Finnish companies withdraw from Russia as Ukrainian conflict continues to shake stock markets News
Russia has said it will temporarily prevent foreign investors from selling Russian assets.
Several Finnish companies have suspended their operations in Russia due to the occupation of Ukraine.
Nokia announced on Tuesday that it would stop deliveries to Russia. According to a Reuters report, the Finnish telecommunications company said the transfer was a way to comply with sanctions imposed on the country.
The energy company Helen, owned by the City of Helsinki, has also announced that it will stop sourcing coal from Russia “due to the geopolitical situation”.
The company is said to be preparing for the effects of sanctions on imports of gas, coal, oil and energy.
“Our energy supply is secured for the final winter and spring and summer. For the winter season 2022–2023, we will [be] by introducing new heat production methods, such as the Vuosaari bioheat plant and the seventh heat pump for Katri Valalle, “the company said in a press release.
According to STT’s report, the Finnish state railway company VR has decided to terminate communication with the Russian Railways (RZD), except for relevant information related to cross-border traffic.
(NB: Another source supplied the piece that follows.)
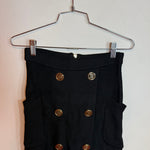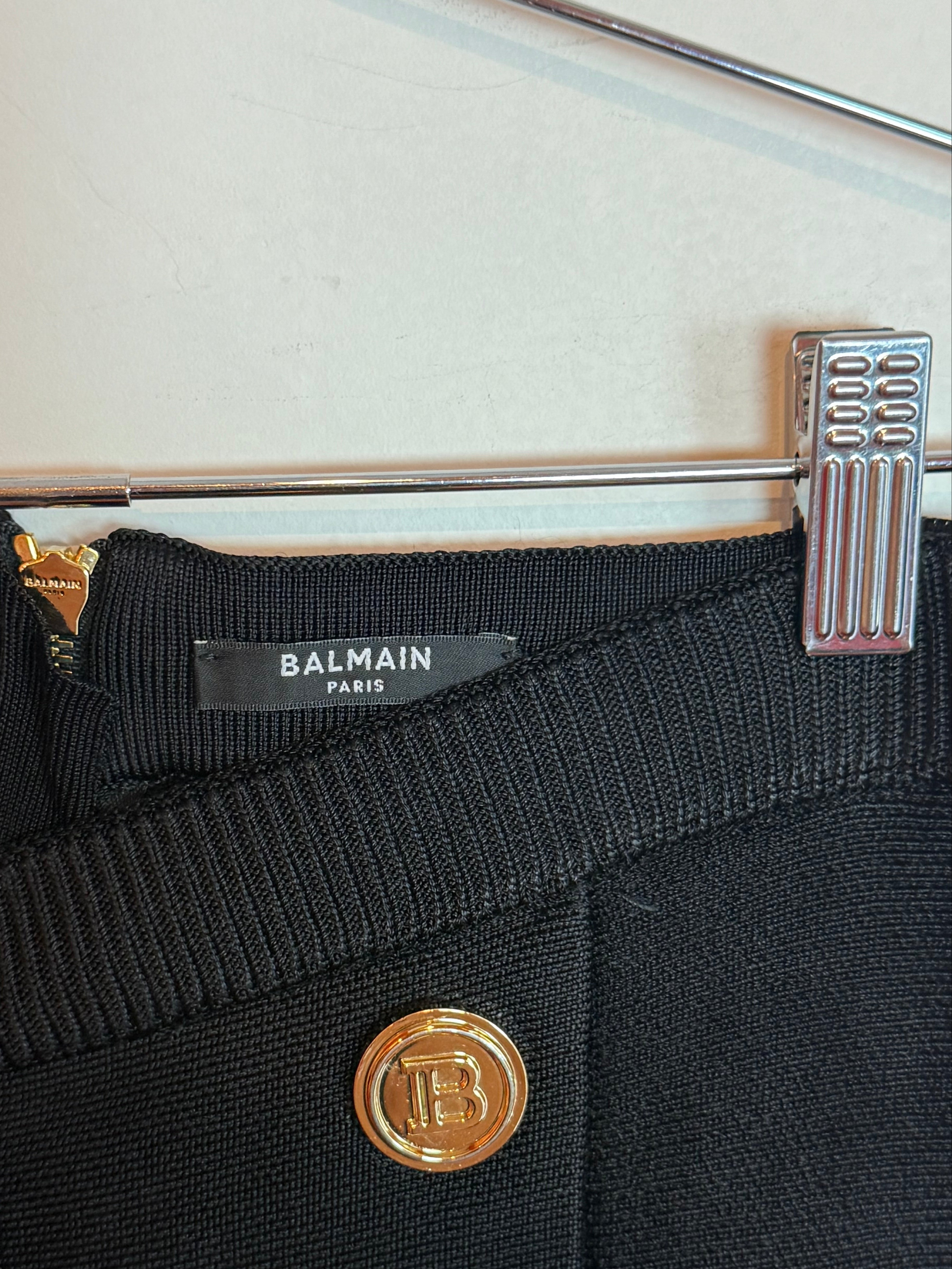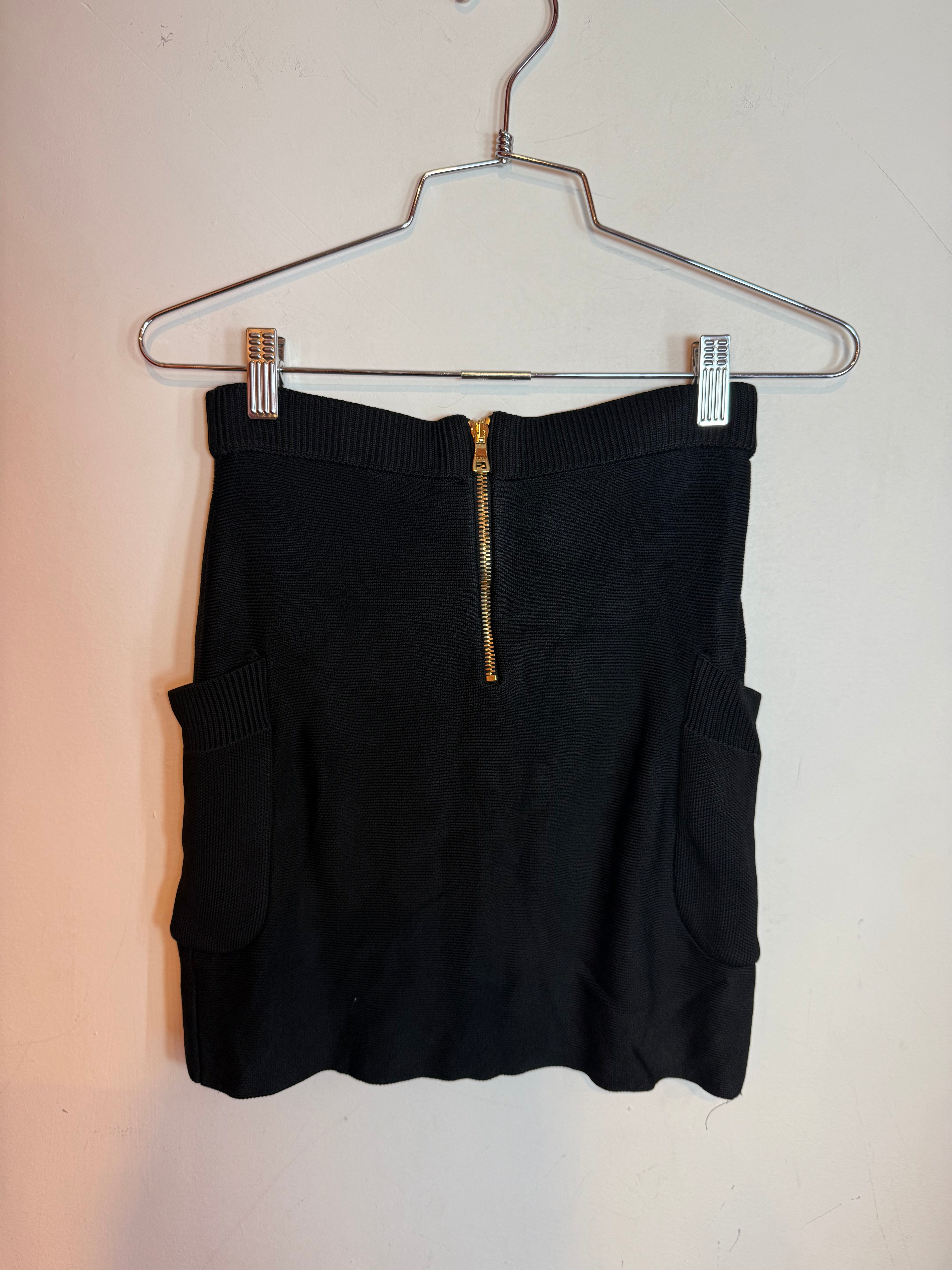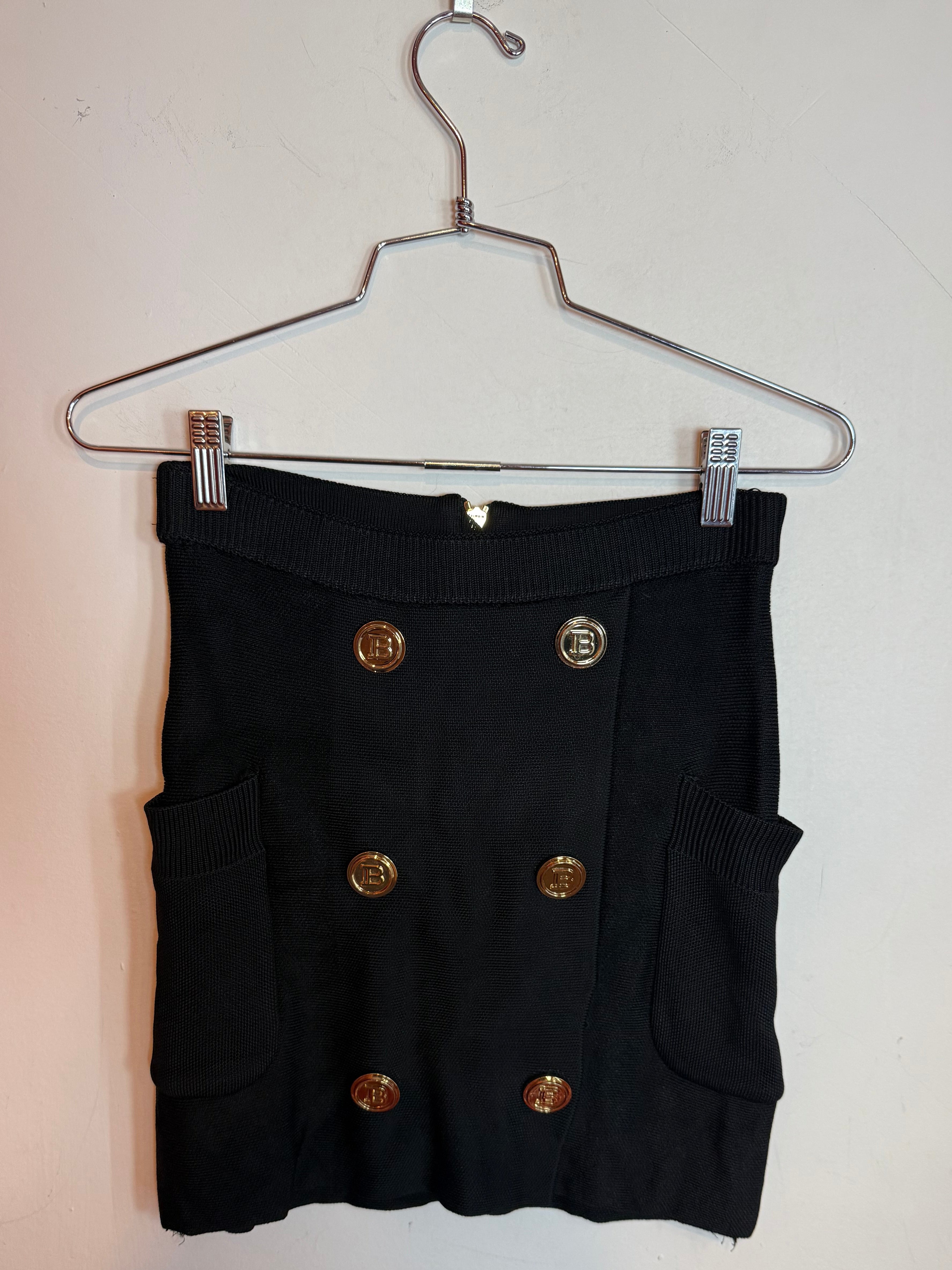 Balmain Black Knit Mini Skirt with Gold Buttons and Pockets

At the request of the authorities, the railway company will continue to operate its Allegro train so that Finnish citizens can return home from Russia and secure for Russians leaving Russia.
VR will enable passengers with a Ukrainian passport to travel on trains in Finland free of charge during March. The Finnish bus company OnniBus has also announced that it will offer free asylum to Ukrainian asylum seekers in March.
Russia announced on Tuesday that it would temporarily ban foreign investors from selling Russian assets. This means that Western companies, which are currently rushing to give up investment, will not be able to sever ties with the country.
According to the Russian Prime Minister Mikhail MishustinThe government wants investors to be able to make informed decisions based on economic considerations, as current decisions are made under “political pressure.”
European financial markets will continue to decline as a result of the new sanctions, as the London, Frankfurt and Paris stock exchanges fell about three per cent on Tuesday afternoon.
The OMX HEX25 stock exchange index also showed a three per cent drop on the Helsinki Stock Exchange. The price of oil rose to more than $ 100 a barrel on Tuesday afternoon.